Phase 2 - Installation & Commissioning
Triggered on signing of the lease documentation, issued separately to this Agreement by our finance partner.
[in all projects]
3. Installation and commissioning of Eniscope 8 IoT Hub(s) to accurately monitor all relevant energy parameters.
4. Installation of CTs to measure parameters outlined in the Proposal document.
[In most projects, subject to the Proposal in each case]
5. Installation & commissioning of Eniscope Air Sense (Batteries) unit(s)
6. Installation & commissioning of Eniscope Air Temp unit(s)
7. Provision of all necessary wiring, conduit, and connectors for the above
8. 24/7/365 fully manned technical support desk
9. Commissioning and on-boarding of key stakeholders
Phase 3 - Virtual Energy Management
Triggered on an active subscription to the VEM service.
10. Full access to Eniscope Analytics Platform 24/7/365 (“SaaS”). Term and Conditions for Virtual Energy Management (VEM) Service. Covered by the terms on this link.
11. Provision of the Virtual Energy Management (“VEM”) service.

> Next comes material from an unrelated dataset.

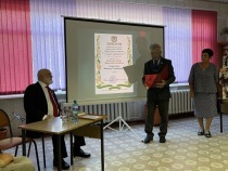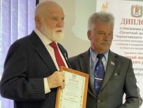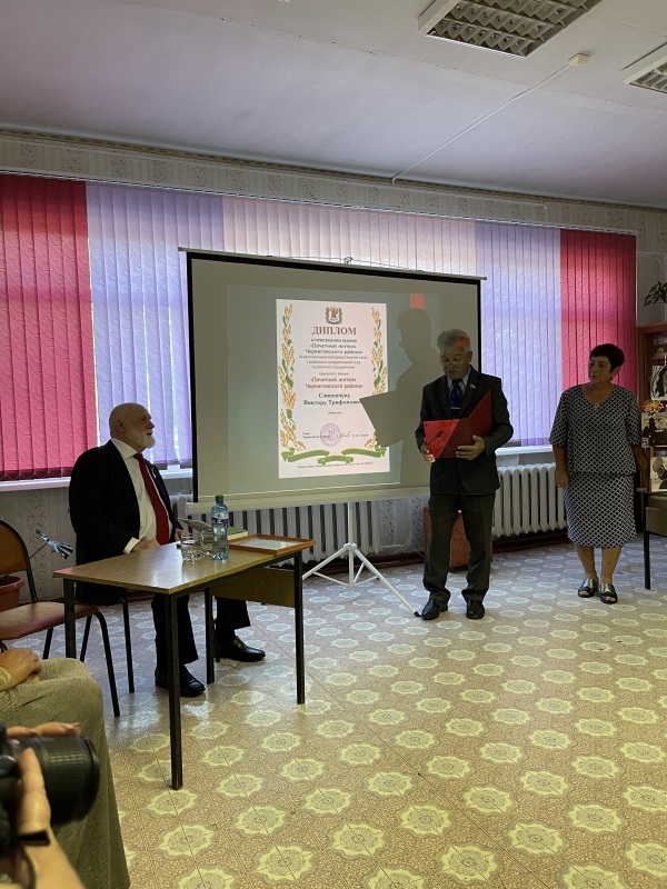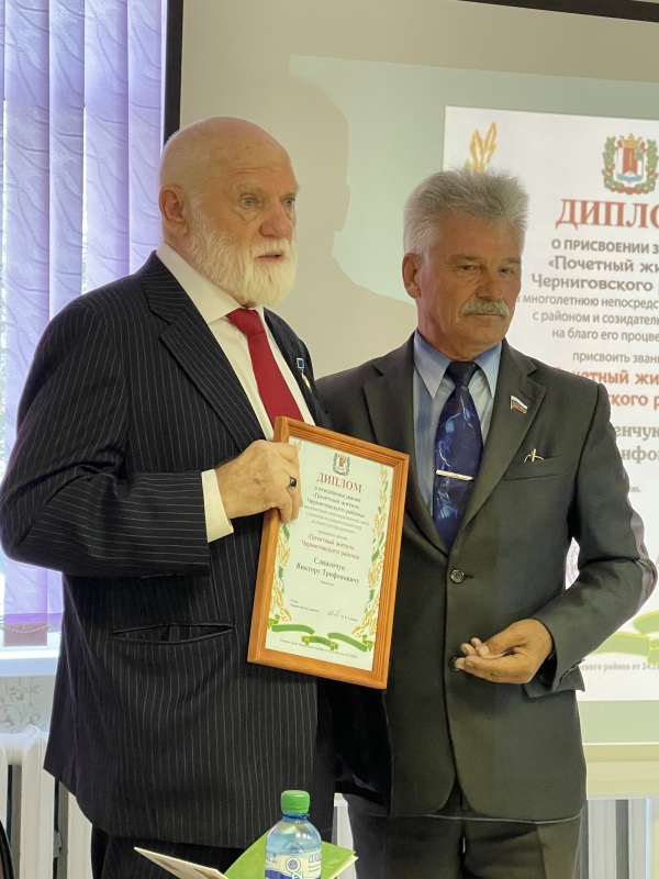 Г.А. Никитин вручает В.Т. Слипенчуку диплом "Почётный гражданин Черниговского района"

Term and Conditions for Virtual Energy Management (VEM) Service. Covered by the terms on this link.
1.1 The Provider shall use reasonable skill and care to ensure that all works and services provided under this Agreement are carried out to a good industry standard and in accordance with all relevant laws and regulations.
1.2 The Provider shall promptly remedy any defects or deficiencies in the Project brought their attention by the Client, provided that such defects or deficiencies are within the scope of the Service Description outlined in this Agreement.
Payment
2. A fee structure for the Project was laid out and agreed by the Parties in the EMaaS Agreement, signed before a site survey was conducted and Phase 1 of the Service Description undertaken.
2.1 Fees governing Phase 2 (Installation & Commissioning) of the project shall be payable via a third-party lease agreement. The value of the monthly fee payable against that lease agreement will be in line with the EMaaS Phase 2 fees stated, unless agreed otherwise in writing between the parties.
2.1.1 This relationship is between you, the Client, and the third-party lease finance provider directly. This enables us to provide a cost-effective and ‘cashflow friendly’ monthly fee solution, even for large projects. Please read carefully the lease documentation before entering into the agreement as any disputes or queries will be made directly with that provider.
2.2 Fees governing Phase 3 (Virtual Energy Management (VEM)) of the project will be as agreed in the EMaaS agreement, unless agreed otherwise in writing. Fees are payable monthly in advance.
2.2.1 The first monthly payment will fall due at the start of the calendar month following the completed installation and commissioning of the on-site equipment that is the subject of the Project. Payment must be made within seven days of the start of each month, to avoid disruption to the service. Krem.Energy withholds the right to deny access to the VEM service in the event of non-payment or late payment of fees. Please see the VEM terms at https://www.Krem.energy/vem-terms
Client Responsibilities
3. The Client agrees to cooperate with the Provider by providing access to the premises where the Project equipment is to be installed and maintained, as well as any pre-survey and pre-installation information that is reasonably requested from time-to-time by the Provider.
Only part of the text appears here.